● **HOW TO COMPLETE THIS TASK**
Without pictures, repeat exactly the lines from the one containing "Wickelkommode mit Treppe" through the end of the entries.

● **Entries taken from a collection**
##############################

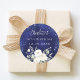 Pegatina Redonda Flores blancas azules de la marina de cumpleaños
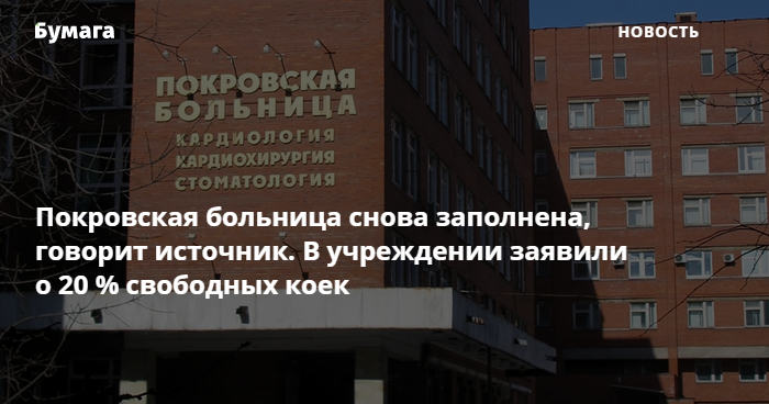 В пресс-службе Покровской больницы сказали «Бумаге», что в учреждении свободно 20 % коечного фонда. При этом в больнице отрицают, что пациентов размещают в коридорах. Источник объяснил это тем, что днем 16 февраля планировалась выписка большого количества пациентов.
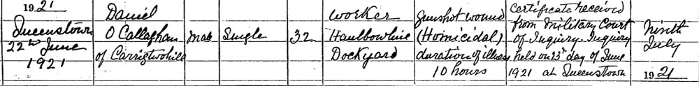 1921 Jun 21 Shot in Cork
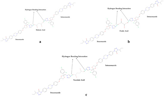Hypothetic trimers can be formed from co-crystal of ITZ and dicarboxylic acids with various carbon chain lengths, (a) ITZ-Malonic Acid, (b) ITZ-Oxalic Acid, and (c) ITZ-SCU. Adapted from data presented originally in Ref. [59].
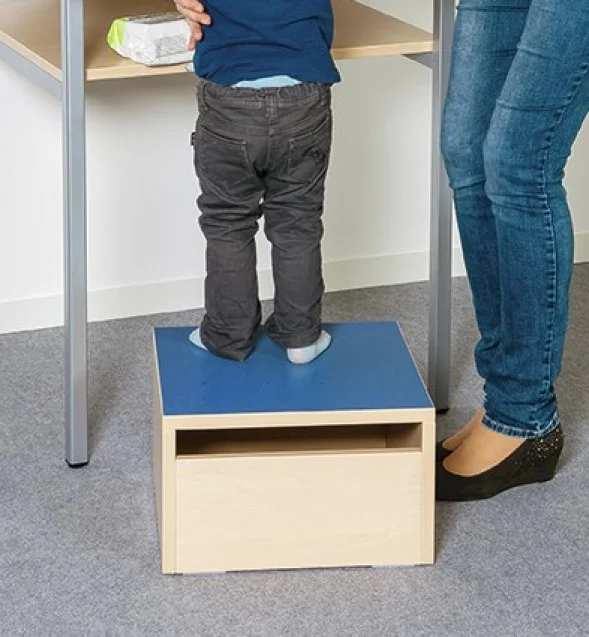 Wickelkommode mit Treppe rechts/ links, einem Waschbeckenund Unterschränken mit Schubladenboxen transparent (farbige Boxen auf Anfrage)
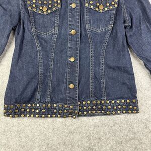 Studio West Denim Jean Jacket Womens M Blue Dark Wash Studded Western Trucker*
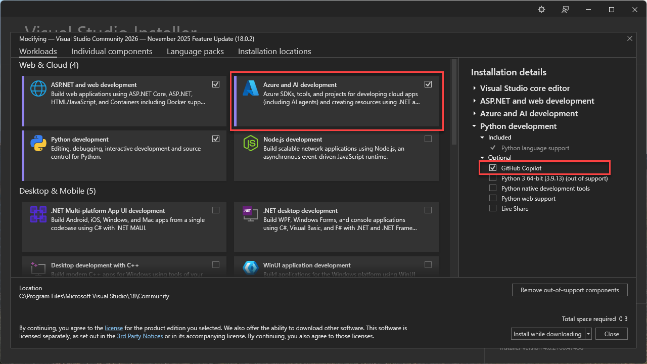 En el panel Detalles de instalación, compruebe que GitHub Copilot está seleccionado, que incluye los siguientes componentes:

##############################

● **TASK OUTPUT**
 Wickelkommode mit Treppe rechts/ links, einem Waschbeckenund Unterschränken mit Schubladenboxen transparent (farbige Boxen auf Anfrage)
 Studio West Denim Jean Jacket Womens M Blue Dark Wash Studded Western Trucker*
 En el panel Detalles de instalación, compruebe que GitHub Copilot está seleccionado, que incluye los siguientes componentes:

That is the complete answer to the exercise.